*EXERCISE*
Starting at the line that contains "Enjoy family adventures" and stopping at the line that contains "Figure 6 displays", transcribe every line of the material below exactly; pictures stay out.

INPUT DATA Start Marker

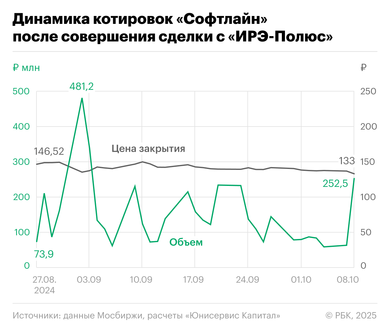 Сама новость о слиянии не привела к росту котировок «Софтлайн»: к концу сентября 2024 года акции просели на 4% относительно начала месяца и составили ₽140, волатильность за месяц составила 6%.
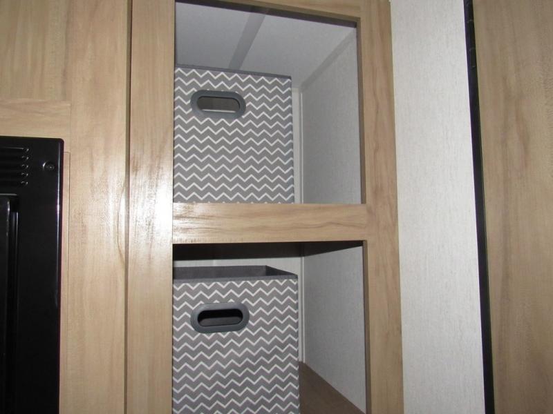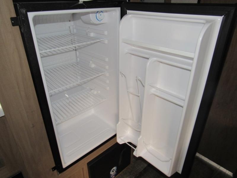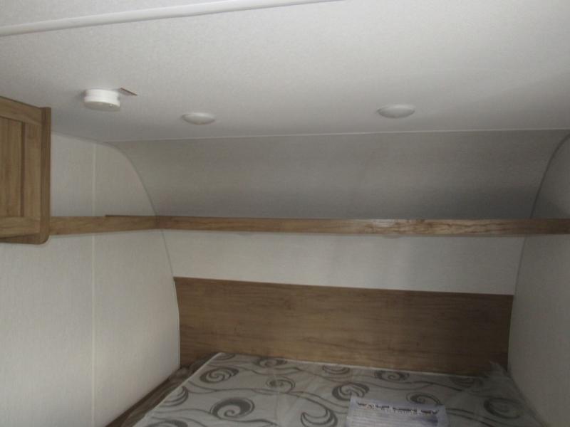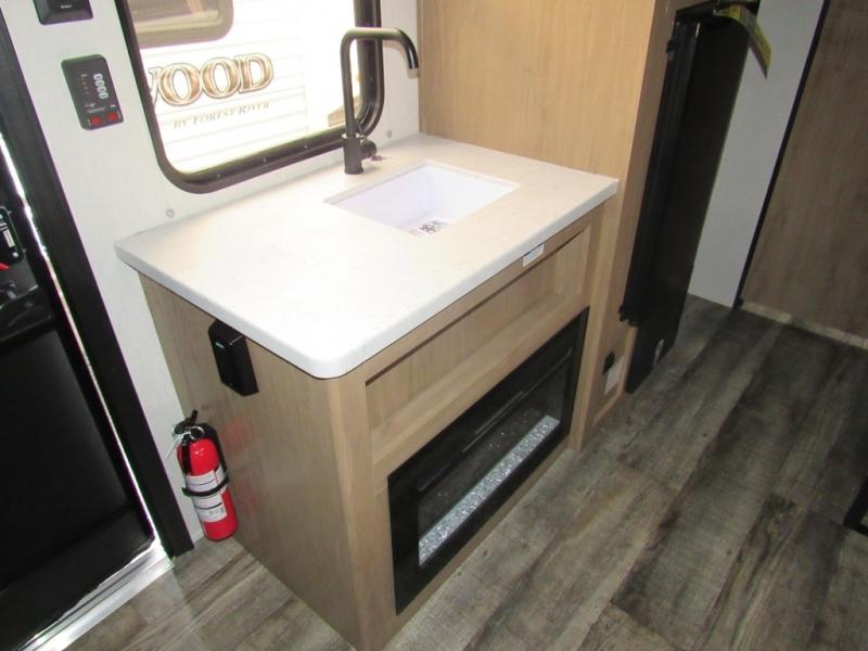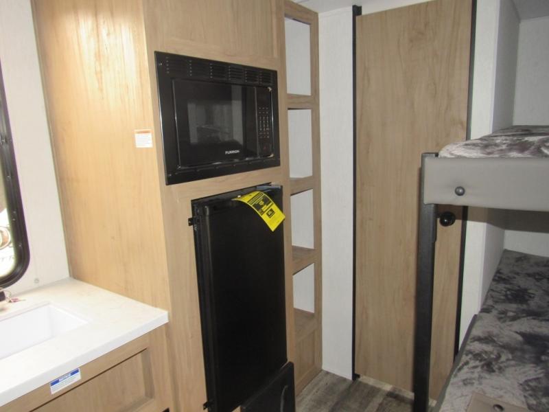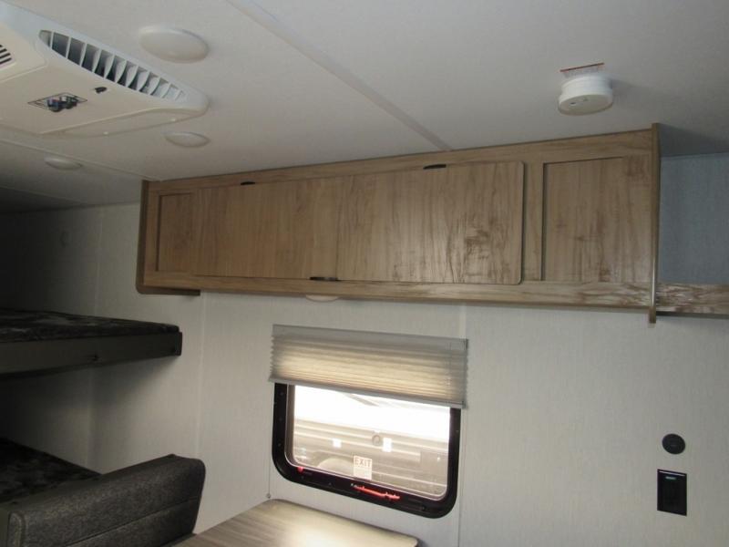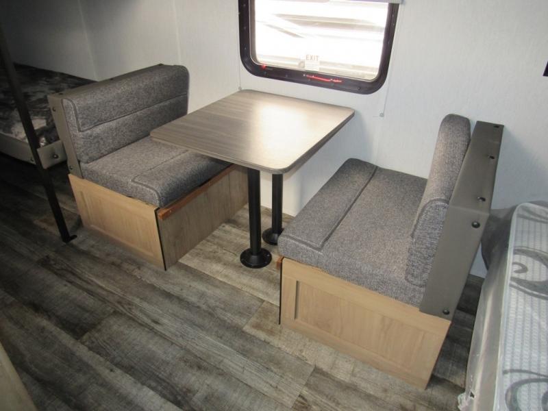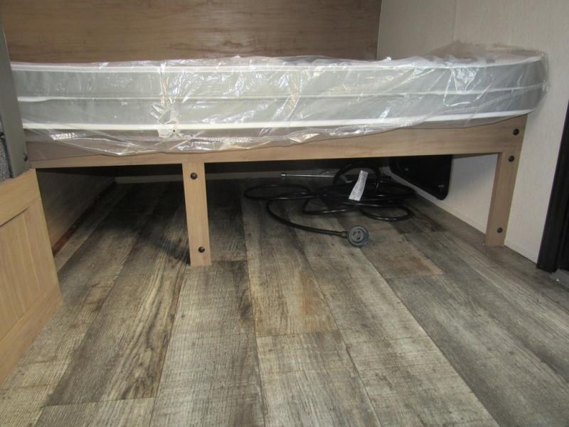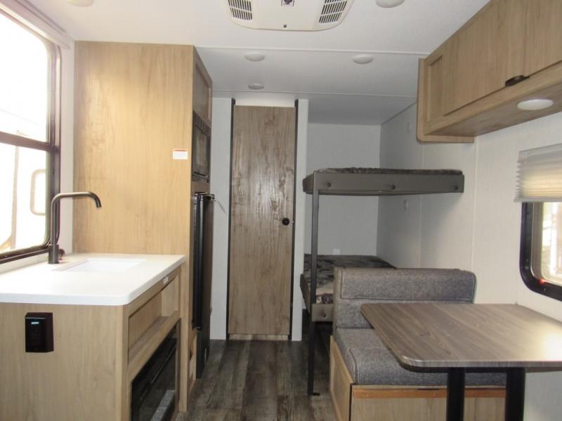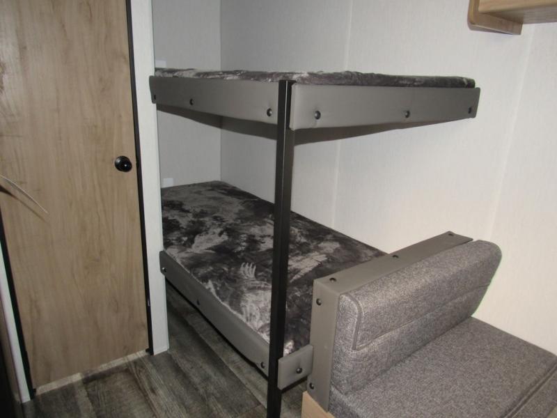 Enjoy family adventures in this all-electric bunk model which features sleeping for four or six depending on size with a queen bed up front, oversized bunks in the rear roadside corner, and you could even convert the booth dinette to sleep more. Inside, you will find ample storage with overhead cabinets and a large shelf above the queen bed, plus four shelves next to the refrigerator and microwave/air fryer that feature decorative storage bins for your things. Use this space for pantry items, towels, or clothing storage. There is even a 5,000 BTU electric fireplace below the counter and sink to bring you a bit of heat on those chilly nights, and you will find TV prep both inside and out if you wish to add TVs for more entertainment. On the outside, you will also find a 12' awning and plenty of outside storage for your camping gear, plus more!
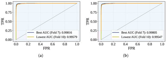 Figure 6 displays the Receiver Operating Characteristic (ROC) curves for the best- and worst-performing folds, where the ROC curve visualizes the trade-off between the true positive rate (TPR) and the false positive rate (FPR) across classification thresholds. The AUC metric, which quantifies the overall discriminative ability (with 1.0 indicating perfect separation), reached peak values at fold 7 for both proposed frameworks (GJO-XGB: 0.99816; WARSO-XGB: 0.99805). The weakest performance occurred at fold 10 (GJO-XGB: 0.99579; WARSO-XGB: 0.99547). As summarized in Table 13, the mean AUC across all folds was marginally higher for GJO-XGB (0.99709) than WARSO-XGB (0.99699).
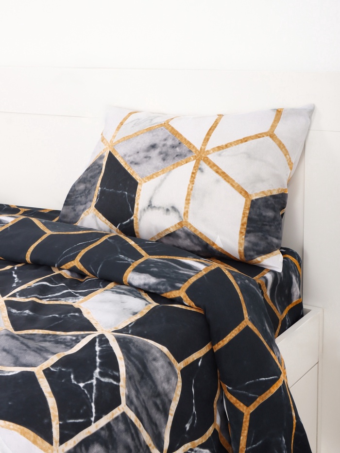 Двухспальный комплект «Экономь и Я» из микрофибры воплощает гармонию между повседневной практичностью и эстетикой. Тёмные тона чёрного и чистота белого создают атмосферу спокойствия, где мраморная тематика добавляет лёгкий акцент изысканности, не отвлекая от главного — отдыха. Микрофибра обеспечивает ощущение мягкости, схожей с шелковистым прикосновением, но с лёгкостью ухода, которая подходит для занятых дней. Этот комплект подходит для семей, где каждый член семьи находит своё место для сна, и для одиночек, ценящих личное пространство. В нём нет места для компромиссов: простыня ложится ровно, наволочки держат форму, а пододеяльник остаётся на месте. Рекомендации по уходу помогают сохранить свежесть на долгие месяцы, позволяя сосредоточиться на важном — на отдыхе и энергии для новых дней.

INPUT DATA End Marker
INPUT DATA Start Marker

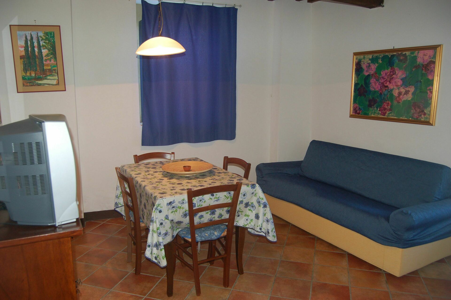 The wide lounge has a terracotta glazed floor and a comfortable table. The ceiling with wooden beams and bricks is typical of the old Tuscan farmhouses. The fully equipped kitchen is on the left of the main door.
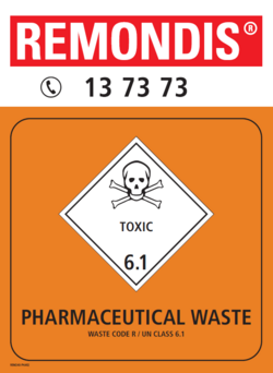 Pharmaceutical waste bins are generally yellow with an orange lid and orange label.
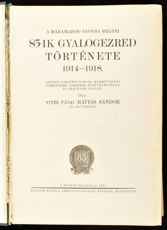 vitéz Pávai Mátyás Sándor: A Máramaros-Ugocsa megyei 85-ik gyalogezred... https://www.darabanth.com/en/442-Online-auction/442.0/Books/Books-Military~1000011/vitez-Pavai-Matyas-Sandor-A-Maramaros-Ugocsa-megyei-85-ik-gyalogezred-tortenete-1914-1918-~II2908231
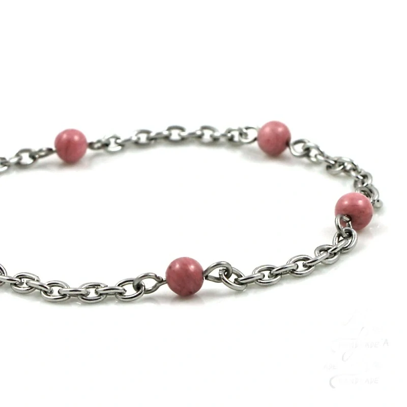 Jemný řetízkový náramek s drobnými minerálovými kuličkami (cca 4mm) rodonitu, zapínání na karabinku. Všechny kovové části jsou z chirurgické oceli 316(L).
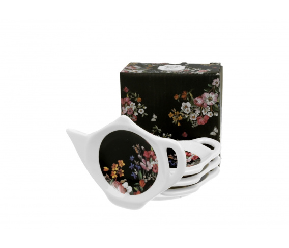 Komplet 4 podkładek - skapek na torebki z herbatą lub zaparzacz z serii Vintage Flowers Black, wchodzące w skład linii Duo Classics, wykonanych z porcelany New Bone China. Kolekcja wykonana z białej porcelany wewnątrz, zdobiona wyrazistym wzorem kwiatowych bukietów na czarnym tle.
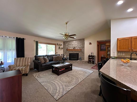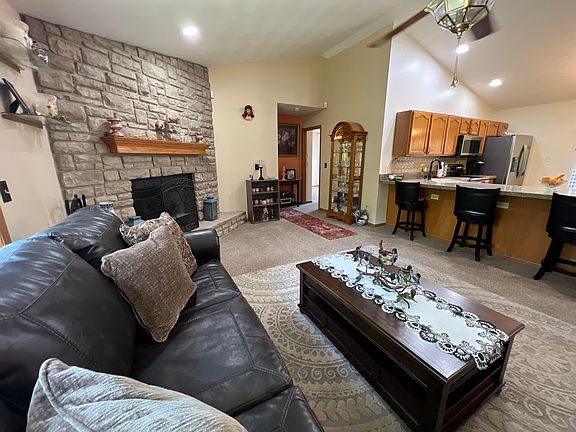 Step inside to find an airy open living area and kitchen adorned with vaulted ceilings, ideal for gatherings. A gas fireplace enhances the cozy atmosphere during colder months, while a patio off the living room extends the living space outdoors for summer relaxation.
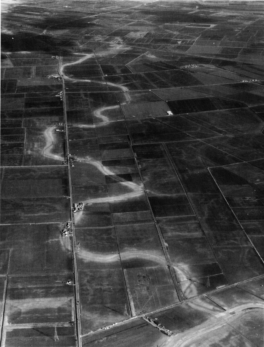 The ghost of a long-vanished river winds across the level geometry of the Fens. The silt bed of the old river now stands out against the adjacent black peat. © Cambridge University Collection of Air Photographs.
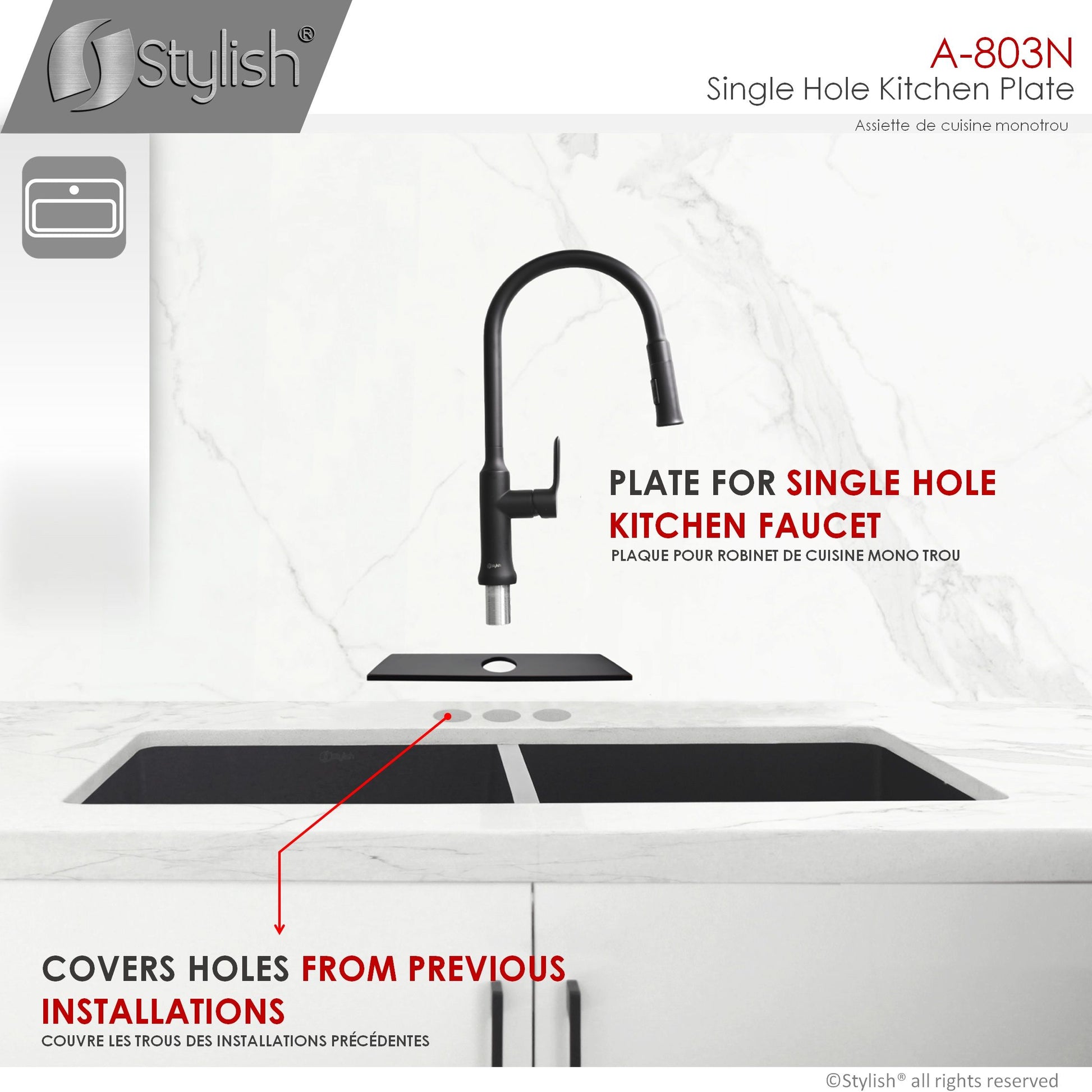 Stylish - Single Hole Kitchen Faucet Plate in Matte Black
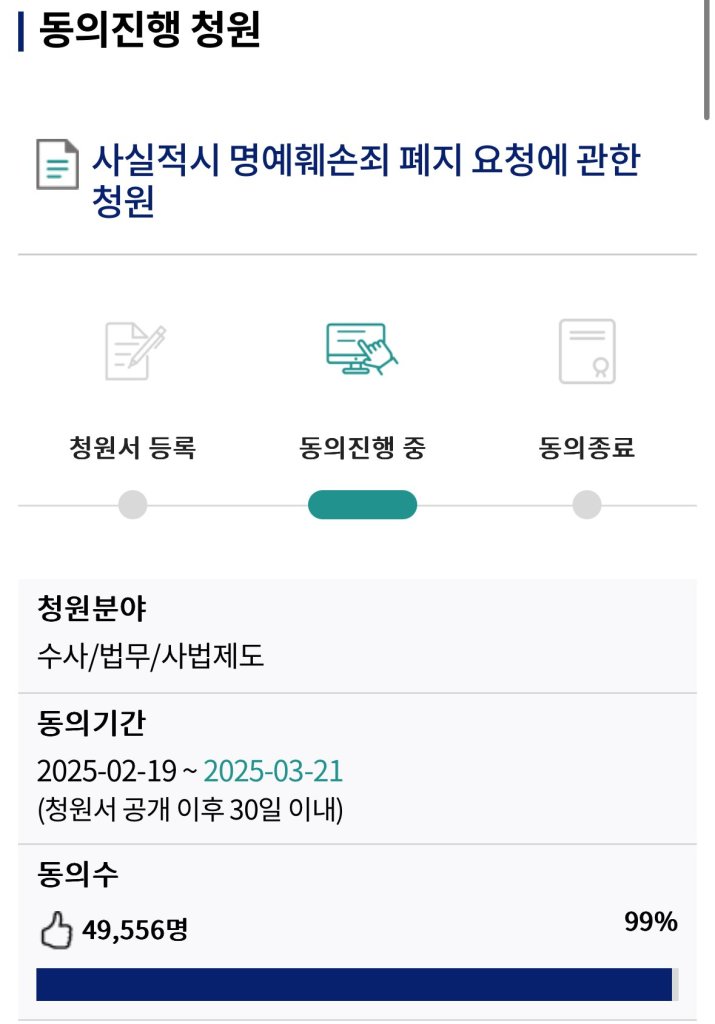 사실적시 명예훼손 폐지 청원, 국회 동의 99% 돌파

INPUT DATA End Marker

*RESULT OF THE TASK*
 Enjoy family adventures in this all-electric bunk model which features sleeping for four or six depending on size with a queen bed up front, oversized bunks in the rear roadside corner, and you could even convert the booth dinette to sleep more. Inside, you will find ample storage with overhead cabinets and a large shelf above the queen bed, plus four shelves next to the refrigerator and microwave/air fryer that feature decorative storage bins for your things. Use this space for pantry items, towels, or clothing storage. There is even a 5,000 BTU electric fireplace below the counter and sink to bring you a bit of heat on those chilly nights, and you will find TV prep both inside and out if you wish to add TVs for more entertainment. On the outside, you will also find a 12' awning and plenty of outside storage for your camping gear, plus more!
 Figure 6 displays the Receiver Operating Characteristic (ROC) curves for the best- and worst-performing folds, where the ROC curve visualizes the trade-off between the true positive rate (TPR) and the false positive rate (FPR) across classification thresholds. The AUC metric, which quantifies the overall discriminative ability (with 1.0 indicating perfect separation), reached peak values at fold 7 for both proposed frameworks (GJO-XGB: 0.99816; WARSO-XGB: 0.99805). The weakest performance occurred at fold 10 (GJO-XGB: 0.99579; WARSO-XGB: 0.99547). As summarized in Table 13, the mean AUC across all folds was marginally higher for GJO-XGB (0.99709) than WARSO-XGB (0.99699).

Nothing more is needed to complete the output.